Fig.4. 'Origin' Section Tells Where Selected Artifact Was Extracted From
Fig.5. 'File' Section Shows File System Metadata of an LNK File
In the 'File' section you can see the MAC address of the device on which this shortcut was created. This information may help you identify the device associated with when the LNK file was created.
While conducting an investigation, one should pay attention to the time tags of an LNK file. The reason for that is that, as a rule, the time of file creation corresponds either to the time the file was created by a user or to the time of the first file access event associated with a shortcut. As for the time modification time, it normally corresponds to the last file access event associated with a shortcut.
Recovery of deleted LNK files
If one examines the 'Recent' folder described above, up to 149 LNK files will be found there. What should be done, if the shortcut we need was deleted? The answer is simple: for sure, it should be recovered! Recovery of LNK files can be executed with the file header signature, hex: 4C 00 00 00 01 14 02 00.
If you use Belkasoft X, you just need to enable carving and make sure that Link files are selected, and they will be recovered automatically. You can learn about the carving methods with Belkasoft X in greater detail in the article 'Carving and its Implementations in Digital Forensics'.
Fig.6. Recovered LNK files
Use of LNK files in information security incidents
Compromising an attacked system
Over 90% of malware is distributed via e-mails. Normally, malware e-mails contain either a link to a network resource or a specifically designed document. If such a document is opened, malware will be downloaded to a machine.
Likewise, LINK files are used for hacking attacks.

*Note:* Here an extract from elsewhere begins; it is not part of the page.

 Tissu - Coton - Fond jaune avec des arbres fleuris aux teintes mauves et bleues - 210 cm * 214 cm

Fig.7. 'Metadata' Section Associated with a Malicious LNK file
The general rule is that such an LNK file contains a PowerShell code that is executed when users try to open the shortcuts previously sent to them. As you can see in Fig.7, such shortcuts can be easily detected with Belkasoft X: there is a path to an executable powershell.exe in the metadata. In the 'Arguments' field, there are arguments of a PowerShell command and encrypted 'payload'.
Embedding in a compromised system
One of the methods to use LNK files is to embed them in a compromised system. In order to activate malware whenever a corresponding machine is turned on, the following trick can be utilized. An LNK file with a link to an executable malware file (for example, to a file with the loader code) should be created, a shortcut is to be placed at the following address: C:\Users\%User profile%\AppData\Roaming\Microsoft\Windows\Start Menu\Programs\Startup.

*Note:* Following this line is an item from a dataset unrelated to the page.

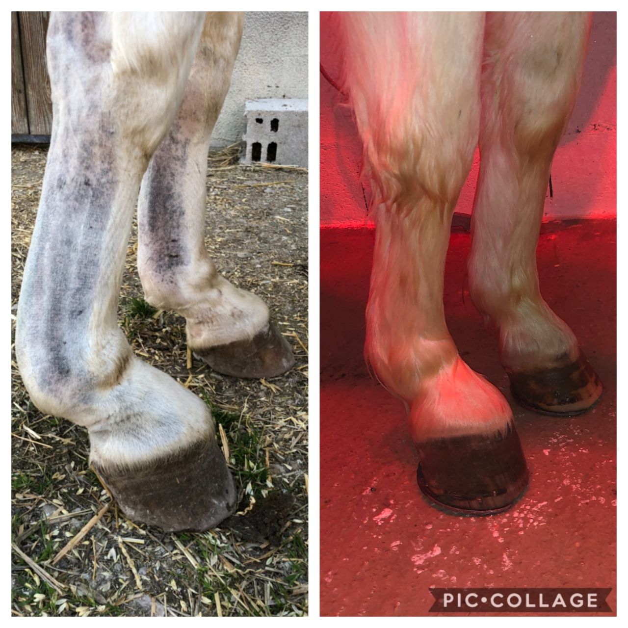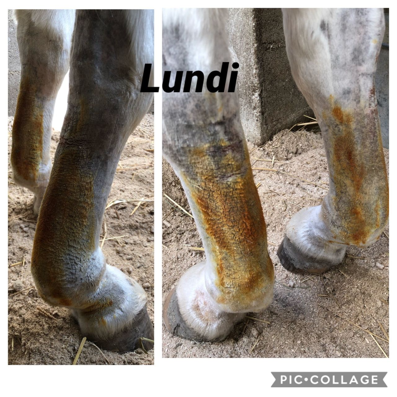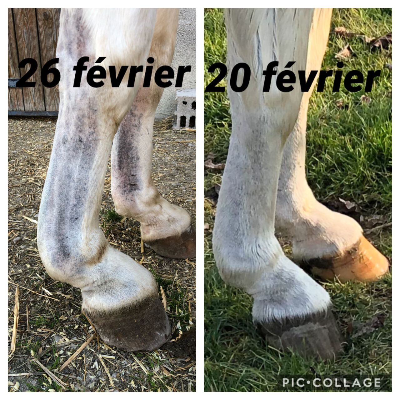 | Dire merci | Ouai je sais que ça va être long ça va déjà faire 1 mois là En faite jveu telement essayer de faire au mieux que je m’en retourne un peut le cerveau Hier soir je n’avais pas mis les guêtres magnétiques pour voir j’avais juste fait un bon massage à l’harpago gel Ba ce matin c’était moin bien , il était plus engorgé donc Jvai lui mettre obligatoirement la nuit ça a l’aire de faire sont effet quand même Donc hop une couche d’argile et au parc avec la ration et la dose d’equirenal Ce soir bonne douche , une séance d’ice Vibe en broutant, retoure au box et pose des guêtres magnétiques avec ration ( il me restait un fond de fenugrec j’ai commencé à lui en mettre hier soir ) je pense que ça ne pourra pas faire de mal |

In this case, as soon as a machine is launched, the malware will be activated as well. Such shortcuts can be found in the 'File system' tab of Belkasoft X.
Fig.8. 'PhonerLite.lnk' Shortcut in Startup
Conclusion
LNK files are Windows system files that are important in digital forensic and incident response investigations. They may be created automatically by Windows or manually by a user. With the help of these files, you can prove the execution of a program, opening a document or a malicious code start-up.
Belkasoft X can help you to locate existing LNK files, recover deleted ones, and analyze their contents.